Requiem for a Dream (2000) Review

 


Requiem for a Dream (2000)

Requiem for a Dream follows the parallel stories of 4 addicts and the depths their addictions take them.
There are few films I’ve ever seen that as relentlessly harrowing and disturbing as this.It is a story of love and happiness and the longing to connect with others. Each is trying to fill a void within themselves and how that void is filled with their use drugs. This however leaves a void within the present selves, which is where their nightmarish addictions take hold. The end result is a pulsing dive into the human psyche that leaves characters physically, emotionally, and mentally damaged beyond repair. Marion, in her desperation does unspeakable things, once thought beyond forgiveness. Harry’s heroin use ends in the loss of his arm. But it’s Sara, who just wanted to lose weight after being selected for a game show, that is the most hard to watch. A lonely woman, who suffers a complete psychic break, leading to extreme weight loss and electroshock therapy.

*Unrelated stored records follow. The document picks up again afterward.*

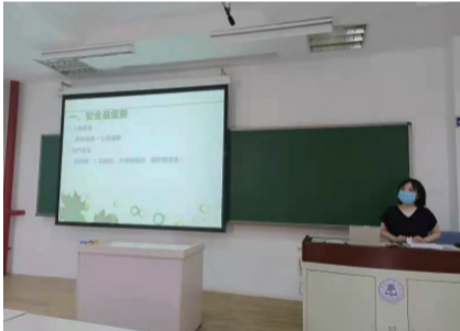
21 级新生辅导员进行安全教育

2021 年 9 月 2 日，我院学生党员们深入 2021 级新生群体，开展入党启蒙教育活动。此次活动由各班导员组织召开。活动的主要内容是通过讲解有关党的知识，让新生了解党的性质、宗旨以及指导思想。同时让学生学习入党的基本条件，了解入党积
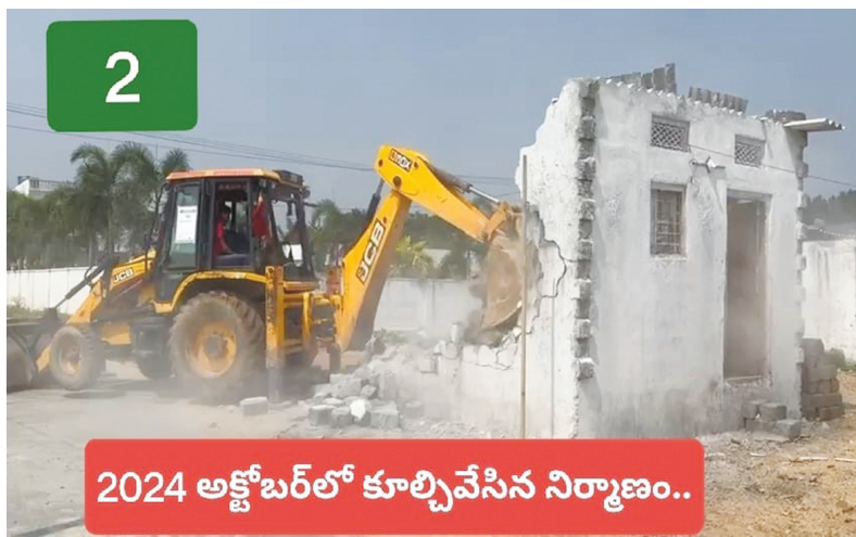
2 2024 అక్టోబర్ లో కూల్చివేసిన నిర్మాణం..
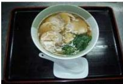
醤油チャーシューメン Shouyu Cha-Shu-Men
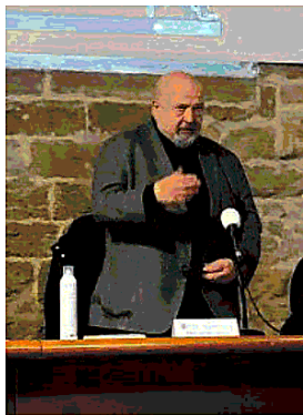
BARLETTA Il professor Franco Cardini
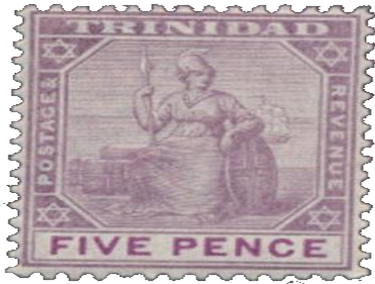
« Le five pence of Trinidad »
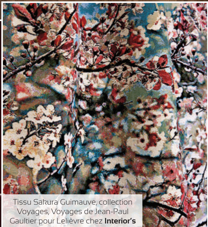
Tissu Sakura Guimauve, collection Voyages, Voyages de Jean-Paul Gaultier pour Lelièvre chez Interior's

It’s hard to look at, something that is bolstered by its’ revolutionary cinematography that assaults the senses, while telling it’s own stories in split screens, quick cuts, and a heart pounding soundtrack that doesn’t let up in intensity from the very start.

For once I’ll admit, Jared Leto was excellent, nailing the idea of a junkie with morals and those he loves enough to want to provide better for them. We also get stellar performances from Marlon Wayans, Ellen Burstyn, and Jennifer Connelly, with each bringing so much respectively. Burstyn and Connelly’s developments are the most shocking, watching Burstyn go down the hole of insanity, while Connelly goes from innocent and loving, to hateful and willing to do whatever for drugs, it’s gut twistingly sad.

Requiem for a Dream, directed excellently by Darren Aronofsky, is a haunting story of addiction and how the end result, is always worse than where you started. But it’s also a cautionary tale about the lengths people go to escape their reality, however fucked up it may be, that when you do escape, you leave a hole behind where you once stood, because you left the present a long time ago.